The bosses of the Big Six energy companies have slammed the complexity and pace of energy reforms being proposed by the government for slowing the rate of investment in new plant which the country so desperately needs.
They were speaking to MPs in the Energy and Climate Change Committee during its first evidence session on the Draft Energy Bill, which contains the government's proposals for electricity market reform and Contracts for Difference (CFDs). MPs want to know if these financial tools are effective particularly in supporting renewable energy and carbon capture and storage (CCS).
Keith Anderson, CEO of ScottishPower, told MPs that “this country used to be a fantastic place to invest in for energy because everyone had faith and trust that it was done in an evidence-based way". But this is no longer the case, and it is causing uncertainty and a hiatus in investment.
He spoke of the “massive amount of work" that was done in providing evidence during the lengthy consultation on the banding review for the Renewables Obligation last year, that came up with a lot of recommendations for the future.
“But then, since October, what we've seen is an awful lot of noise from politicians and in the media, and speculation about arguments between government departments that there will be political influence over the outcome of that consultation that it is not evidence-based, and this damages investor confidence."
Anderson called for more clarity, speed and confidence to be given by the Government. “There's a huge opportunity now for the UK to go out and grab a huge proportion of investment for renewable energy.

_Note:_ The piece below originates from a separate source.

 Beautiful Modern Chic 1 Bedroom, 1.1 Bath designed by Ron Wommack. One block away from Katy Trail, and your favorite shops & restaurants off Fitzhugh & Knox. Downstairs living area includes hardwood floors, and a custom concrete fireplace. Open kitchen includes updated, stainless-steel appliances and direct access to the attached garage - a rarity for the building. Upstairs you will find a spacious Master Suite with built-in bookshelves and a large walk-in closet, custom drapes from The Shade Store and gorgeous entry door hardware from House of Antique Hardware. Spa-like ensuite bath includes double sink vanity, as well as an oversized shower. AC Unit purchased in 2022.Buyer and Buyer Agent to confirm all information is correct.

Given the slowdown in our economy and in other countries I think right now is the time for the UK to put in place a very clear, long-term and robust framework," which should be “used to regenerate the economy".
However, he said that there is still a lot more detail required in the Bill, particularly on Contracts for Difference, and this was prolonging uncertainty amongst investors.

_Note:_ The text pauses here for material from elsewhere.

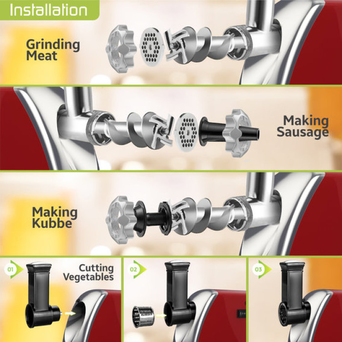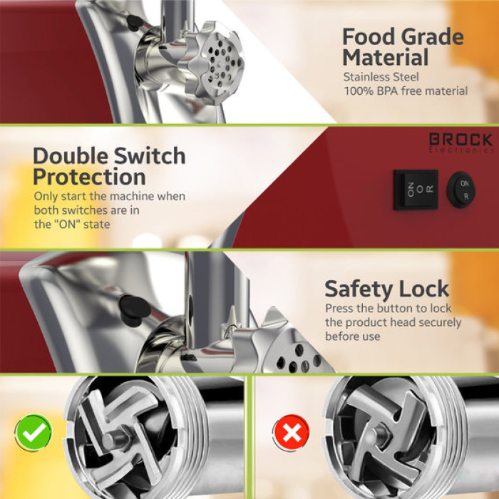 Производительная мясорубка BROCK MG 1601 RD просто незаменимый девайс для приготовления всеми любимых блюд, основным ингредиентом которых является мясной фарш. В комплектации к прибору прилагается 3 сеточные насадки с различным диаметром отверстий. Благодаря этим решеткам вы сами сможете выбрать необходимую консистенцию фарша. Крупная решетка для более фактурного мясного фарша, средняя и мелкая для нежной консистенции.

John McElroy, director of policy and public affairs at RWE Npower, agreed that as it stands, the Bill will not provide the confidence that investors need and requires a lot more work. "At the very least investors need to know how the capacity mechanism will work and when it will be triggered," he said.
“What we really want to see is the timetable moving forward and the government getting on with it," added Sara Vaughan, director of regulation and energy policy at E.ON. "There is already some slippage because we expected the bill to be introduced in May and it is now not going to be introduced till probably the end of the year," which will delay the secondary legislation as well “and that causes concern".
On CCS, Ian Marchant, CEO of SSE, said frankly: “We do not know that this technology will work" and so developers "crucially need capital support at this stage to move beyond the demonstration phase".
He said that Government energy policy is predicated on assuming that it will work, but this is currently unknown.
Anderson said finding investment for wind farms was more difficult in the UK than abroad because planning permission takes longer, land rental is more expensive and development costs are higher than elsewhere.
On the level of support for onshore wind, Marchant agreed that this should come down as costs reduce, and said that he doesn't get involved in bilateral discussions about the level of support. He said that he didn't like the way that discussions on nuclear and renewables were being conflated. “I do not believe that the returns being made on renewables are excessive" he added.
The Energy and Climate Change Committee, which today is on a fact-finding mission to the London Array and Gunfleet Sands Windfarms, has issued a call for evidence from the public on the economics of wind power, to be submitted by 27 June; there is to be a hearing on 10 July.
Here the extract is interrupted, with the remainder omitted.